=== Section Start ===
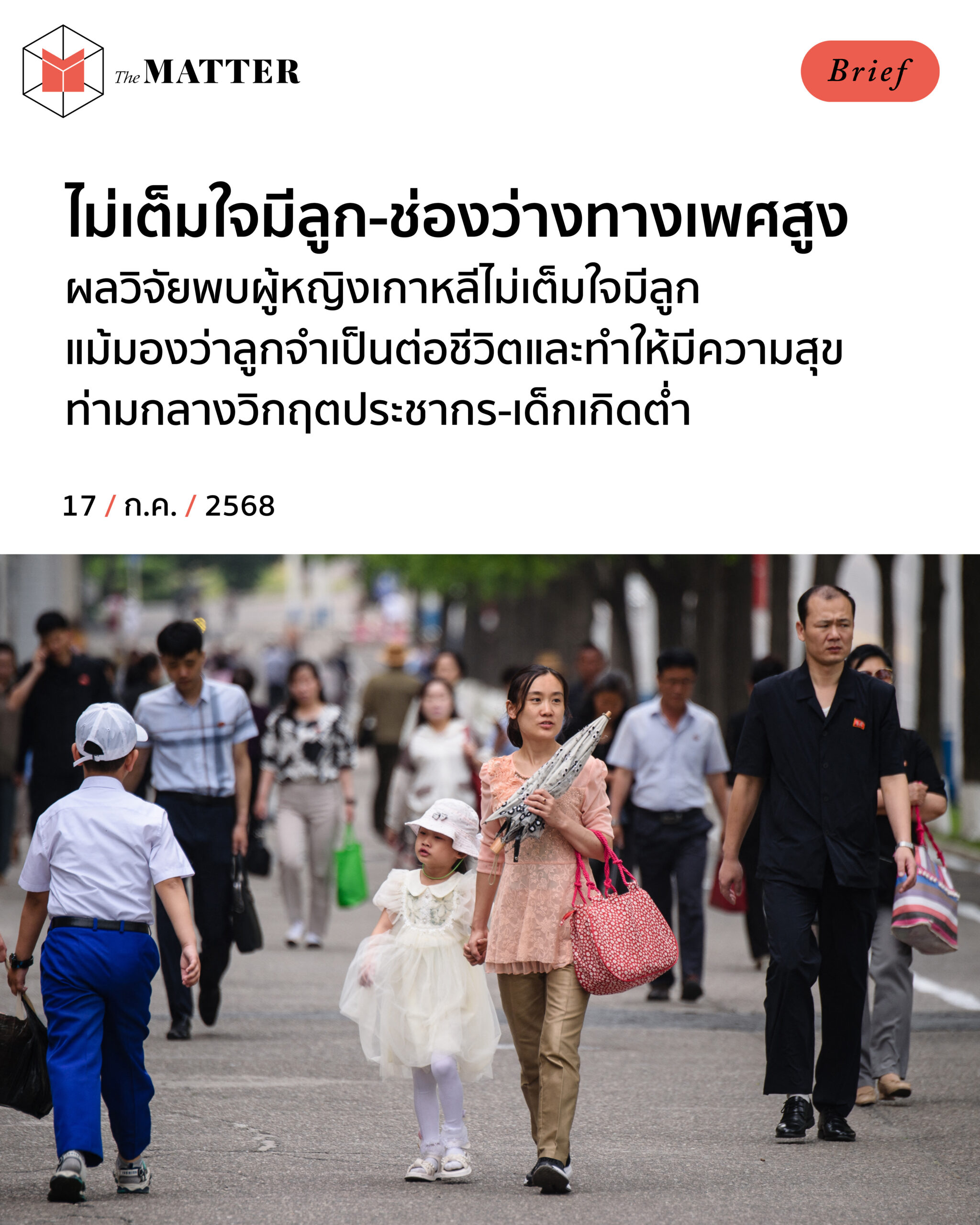 งานวัยจัยชิ้นหนึ่งระบุว่า ผู้หญิงเกาหลีมีแนวโน้มจะมีลูกต่ำที่สุดในบรรดาประเทศใหญ่ๆ ซึ่งตอกย้ำถึงวิกฤตประชากรที่กำลังเลวร้ายลงของเกาหลีใต้ และช่องว่างทางเพศที่สูง
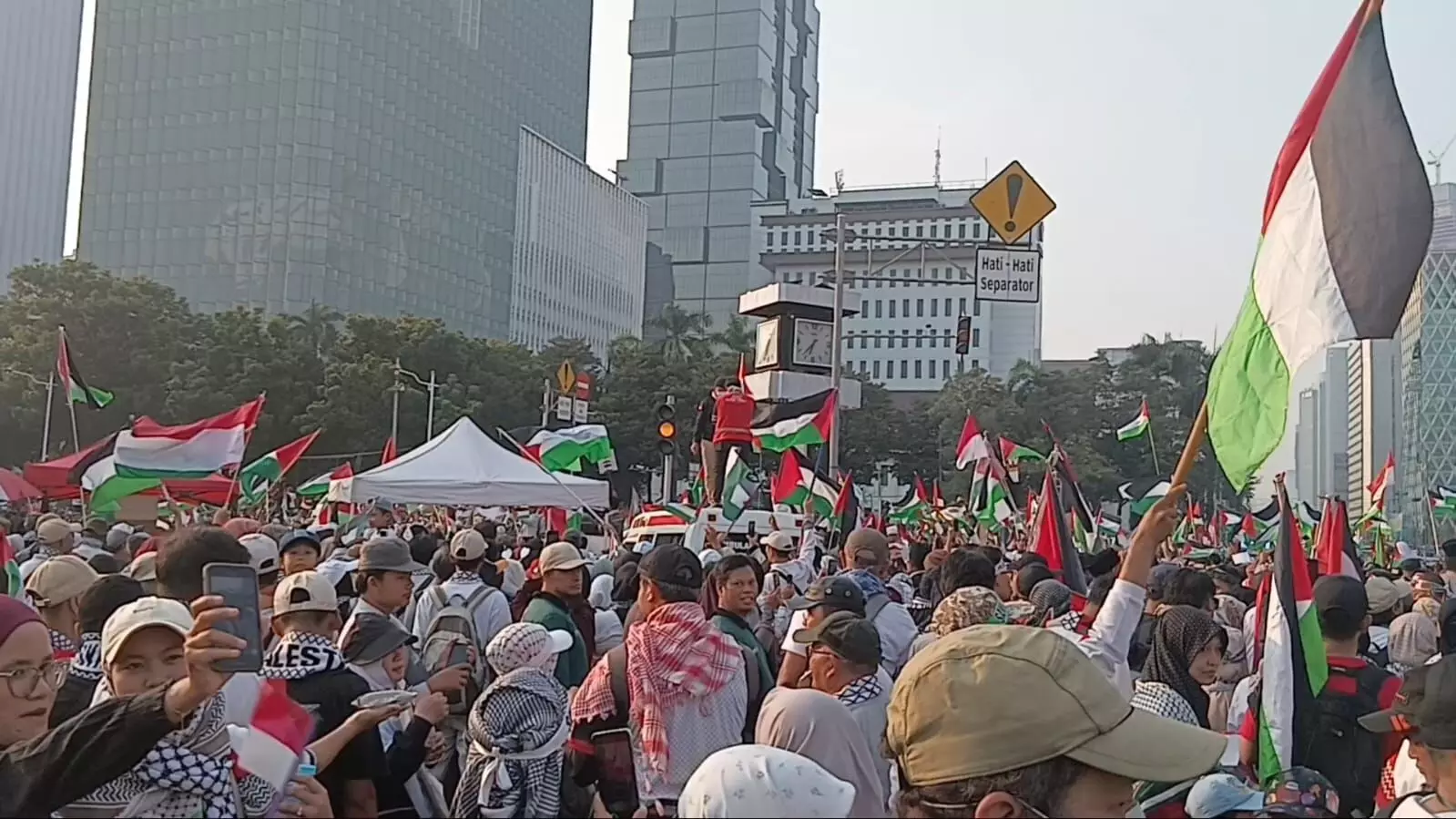 “Ada sekitar 250 bus dari berbagai daerah yang datang ke Jakarta. Ini bukti bahwa kepedulian terhadap Palestina menyatukan banyak kalangan,” ujar Syauki di sela-sela aksi di depan Monas.
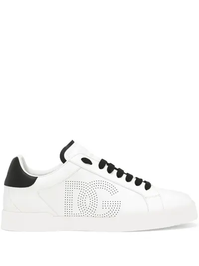 white leather perforated logo detail contrasting heel counter round toe contrasting laces branded insole rubber sole
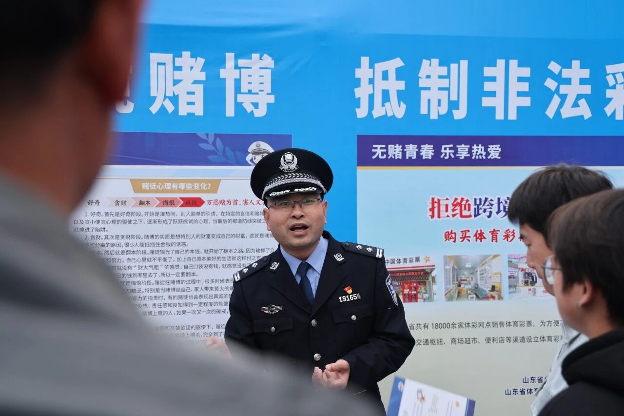 为常态化开展打击治理跨境赌博宣传工作,提升广大人民群众对跨境赌博严重危害的认识。10月26日,青岛市公安局携手青岛市体育局、青岛市体彩中心利用中超比赛大型活动期间,在西海岸大学城体育场开展“拒绝跨境赌博·抵制非法彩票”主题宣传活动。
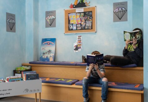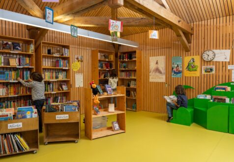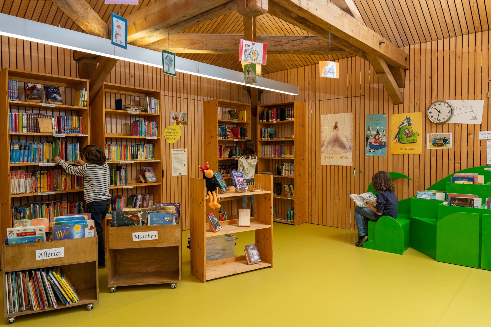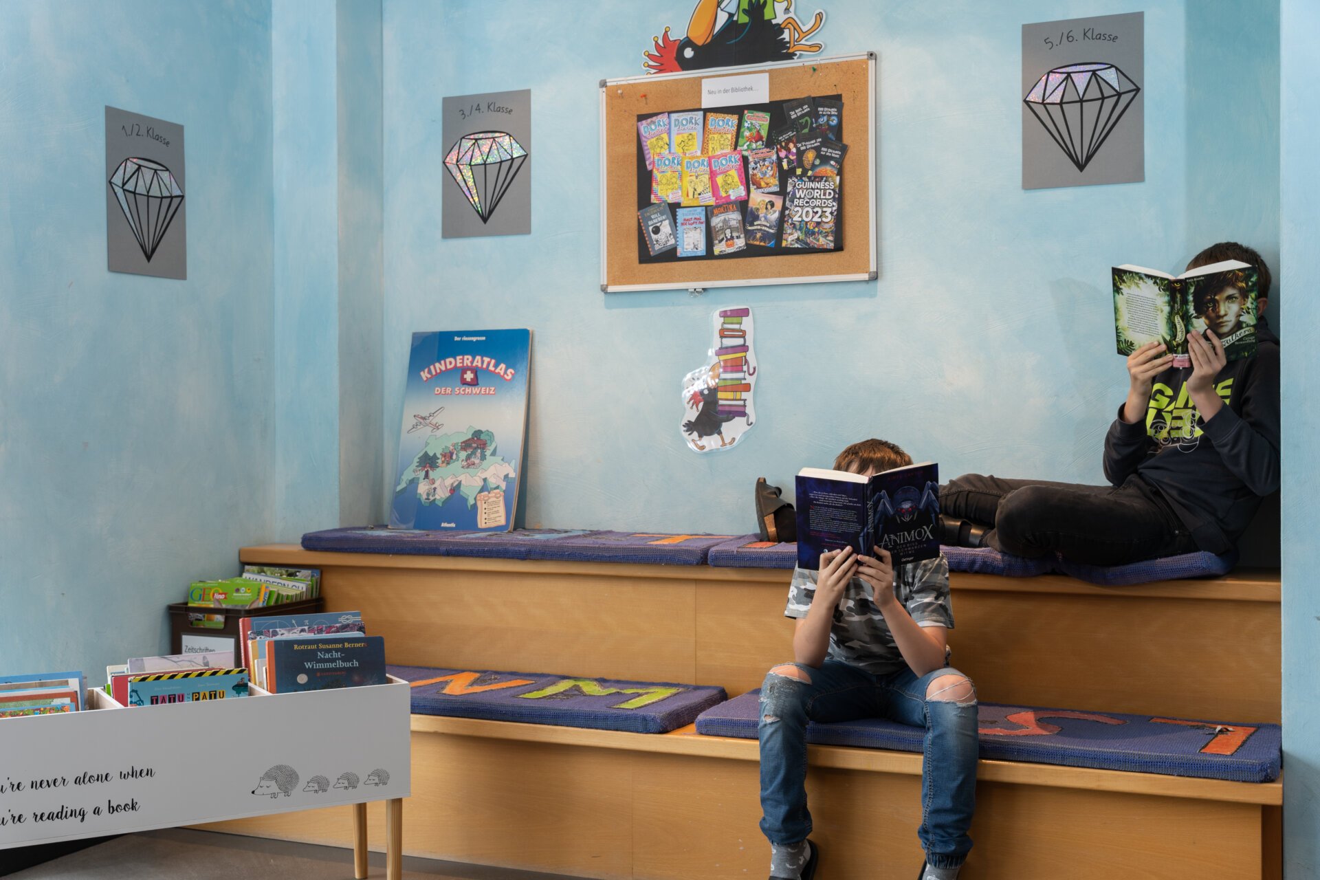 An beiden Schulstandorten befinden sich gemütliche Bibliotheken mit aktuellen Medienbestände. Eine zeitgemässe, digitale Ausleihsoftware ermöglicht die Zusammenarbeit und den Austausch der beiden Standorte.
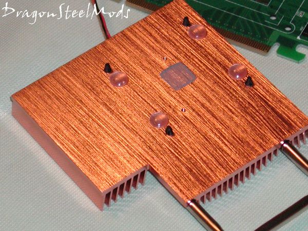 The heastink/fan covers the GPU and ram to help cool it, or at least I thought it did, upon closer inspection I found that the heatsink does not actually touch the ram at all. The gap is tiny and I really could not get a good pictures of it, but the gap is there. The heatsink has these plastic little feet stuck to it to keep it aligned with the core.
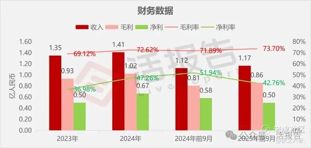 公司是一家平台型医疗器械公司,2024年收入1.41亿元,净利润0.67亿元,毛利率72.62%;2025年前9个月收入1.17亿元,净利润0.5亿元,毛利率73.7%。
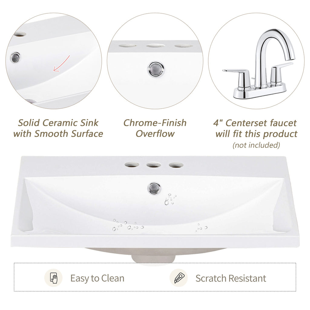 - Ceramic Basin: This bathroom vanity matches a drop-in basin to save more rooms, and holes are reserved in the basin for installation. This basin is suitable for mounting 4" center set faucets. The overflow hole is provided with a metal ring. The basin is made of ceramic, with a smooth surface that is waterproof and easy to clean.
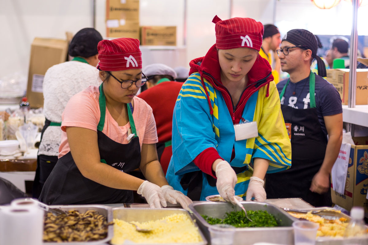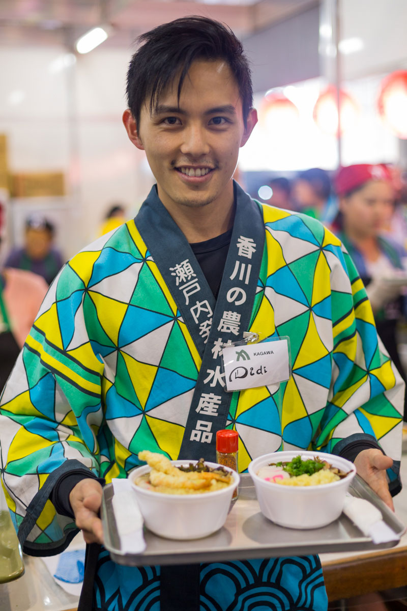 No estande de Kagawa, outro macarrão, também importado, é o destaque: o Sanuki udon. Durante o festival, são vendidas duas variações do macarrão, uma com tofu frito (kitsune udon) e outra com tempurá de camarão. A preparação dos ingredientes começa bem antes, com os jovens que se reúnem para limpar o camarão, trazido da Bahia, e para deixar tudo organizado na semana que antecede os três dias de evento.
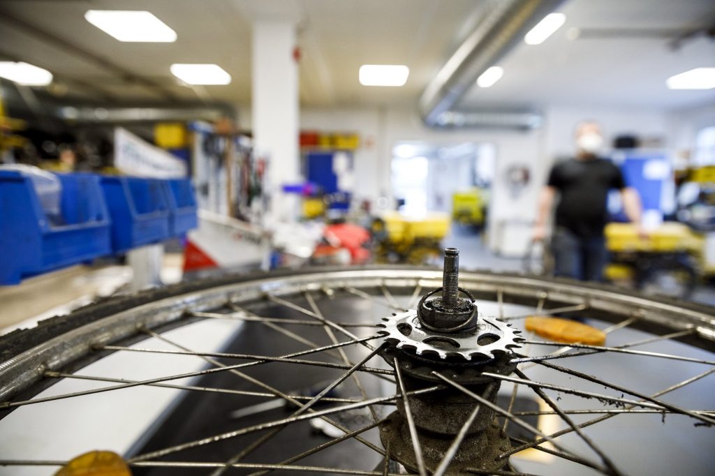 An den speziellen Fahrradaufhängungen wird vornehmlich stehend gearbeitet. Bestimmte Teilarbeitsschritte werden sitzend ausgeführt. Zudem gibt es zur digitalen Auftragsbearbeitung und Archivierung zwei PC-Arbeitsplätze.
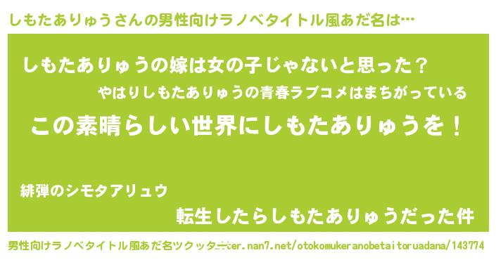| 女子向けラノベタイトル風あだ名 | 『乙女ゲームの破滅フラグしかない悪役しもたありゅうに転生してしまった…』 |
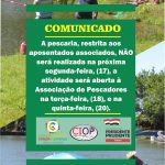 COMUNICADO: A pescaria aberta aos aposentados associados foi transferida de segunda para terça-feira
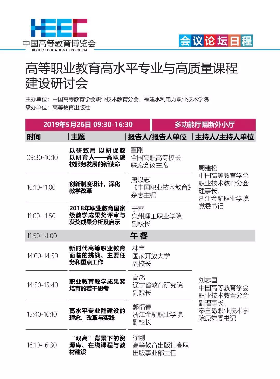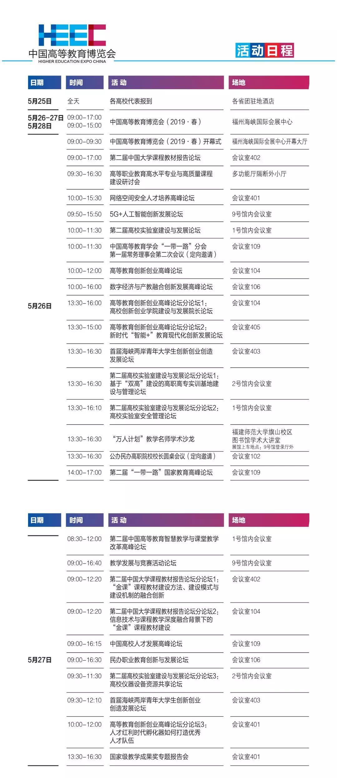 中国高等教育博览会(2019·春)日程安排
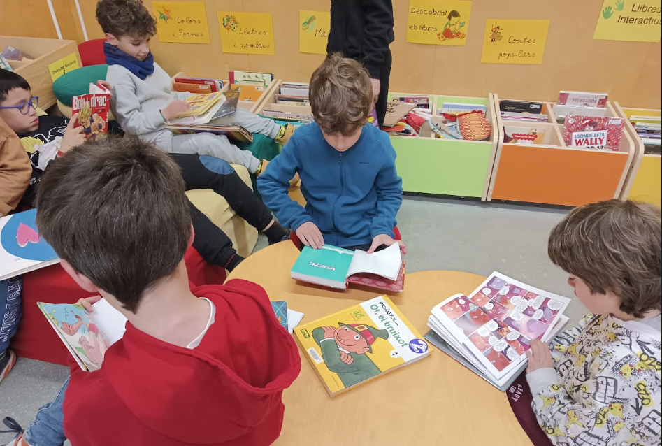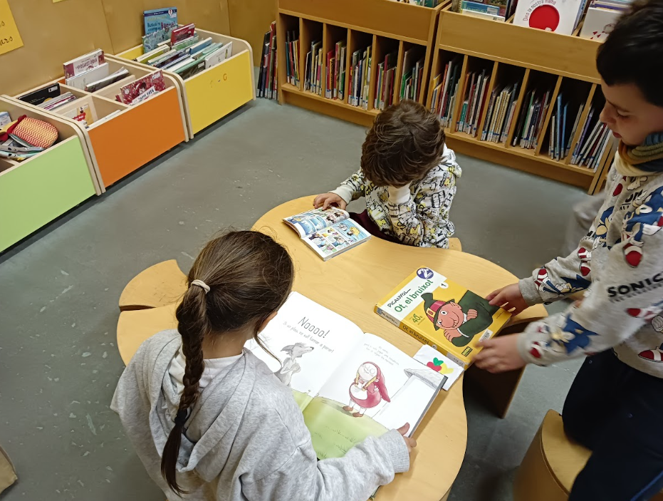 D’entrada, han pogut gaudir d’una estona de lectura lliure i relaxant en la sala infantil. Han pogut fullejar llibres de les diferents seccions i triar aquells que més han copsat la seva atenció. La majoria d’infants ha agafat algun llibre de préstec per continuar llegint a l’escola i a casa. ^-^
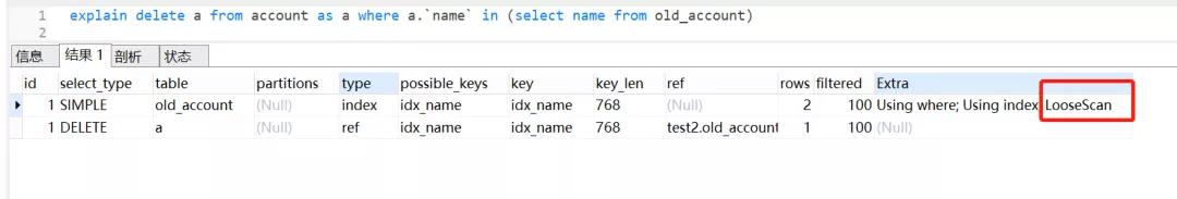 我们回过头来看看explain的执行计划,可以发现Extra那一栏,有个LooseScan。
=== Section End ===
▸ **Exercise directions**: Output nothing but the lines from the one containing "COMUNICADO: A pescaria" to the end of the listing, both ends included, reproduced exactly. Pictures stay out.

▸ **Result of the task**:
 COMUNICADO: A pescaria aberta aos aposentados associados foi transferida de segunda para terça-feira
 中国高等教育博览会(2019·春)日程安排
 D’entrada, han pogut gaudir d’una estona de lectura lliure i relaxant en la sala infantil. Han pogut fullejar llibres de les diferents seccions i triar aquells que més han copsat la seva atenció. La majoria d’infants ha agafat algun llibre de préstec per continuar llegint a l’escola i a casa. ^-^
 我们回过头来看看explain的执行计划,可以发现Extra那一栏,有个LooseScan。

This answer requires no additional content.